Gram-Schmidt Orthonormalization- LQ decomposition

437 Views Asked by At

Assume $A$ is an $m \times n$ matrix, $m < n$, and $\operatorname{rank} (A) = m$.

Prove that $A$ can be written in the form $A = LQ$,

where $L$ is a $m \times m$ lower-triangular matrix and $Q$ is an $m\times n$ matrix with orthonormal rows.

This question is a work and don't know how resolve

Thank you very much!

1

There are 1 best solutions below

0
On

It is the same as proving QR-decomposition for $A^T$.

Let $A \in \Bbb R^{m \times n}$, $w_i^T$ be the $i$-th row of $A$, $m \lt n$, $rank(A) = m$.

Consider $A^T = (w_1, ..., w_m)$. We know that $rank(A) = rank(A^T) = m$, so $A^T$ has full column rank. In particular, $\{w_1, ..., w_m\}$ is a linearly independant set of $\Bbb R^n$.
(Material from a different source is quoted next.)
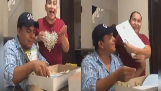Le añadió un lazo para hacer más emocionante el momento. Cuando juntó a sus padres para darles el obsequio, ellos fueron abriendo el empaque poco a poco, hasta que se dieron con la grata sorpresa.

We can use Gram-Schmidt to make it orthonormal. By using it, we get another set $\{v_1, ..., v_m\}$ such that $v_1^T = w_1^T$ and $$v_i = w_i - \sum_{j=0}^{i-1} \left( \langle w_i, v_j \rangle / \langle v_j, v_j \rangle \right) v_j = w_i^T - \sum_{j=0}^{i-1} \alpha_{i, j} \cdot v_j, \ i = 2, ..., m$$ and they span the same set. Notice that $\{v_1, ..., v_m\}$ is an orthogonal set.
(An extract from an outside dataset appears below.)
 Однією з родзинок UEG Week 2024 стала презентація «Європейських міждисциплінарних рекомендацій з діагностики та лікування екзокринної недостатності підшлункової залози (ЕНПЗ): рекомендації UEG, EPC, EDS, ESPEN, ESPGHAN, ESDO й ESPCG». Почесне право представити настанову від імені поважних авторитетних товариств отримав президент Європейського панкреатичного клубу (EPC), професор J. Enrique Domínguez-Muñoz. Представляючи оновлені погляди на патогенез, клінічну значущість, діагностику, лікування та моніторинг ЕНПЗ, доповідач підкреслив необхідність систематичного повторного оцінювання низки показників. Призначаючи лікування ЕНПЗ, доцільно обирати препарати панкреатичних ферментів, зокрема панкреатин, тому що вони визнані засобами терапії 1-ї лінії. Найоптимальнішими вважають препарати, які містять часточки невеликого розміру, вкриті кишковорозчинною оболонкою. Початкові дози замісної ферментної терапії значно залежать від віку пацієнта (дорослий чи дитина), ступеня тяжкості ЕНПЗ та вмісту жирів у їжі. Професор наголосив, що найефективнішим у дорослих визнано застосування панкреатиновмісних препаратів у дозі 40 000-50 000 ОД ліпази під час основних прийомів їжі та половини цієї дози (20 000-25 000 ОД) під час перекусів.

We write $$w_i = v_i + \sum_{j=0}^{i-1} \alpha_{i, j} \cdot v_j$$ so $A^T = Q'R'$, where $Q' = (v_1, ..., v_m) \in \Bbb R^{n \times m}$, $R' \in \Bbb R^{m \times m}$ is upper triangular such that $R'_{i, i} = 1$ and $R'_{i, j} = \alpha_{j, i}$, $i \lt j$.

Then divide the $i$-th column of $Q'$ by the norm of $v_i$ and multiply the $i$-th row of $R'$ by the norm of $v_i$ so that you get $A^T = QR$, $Q$ has orthonormal columns and $R$ is upper triangular. Then take the transpose.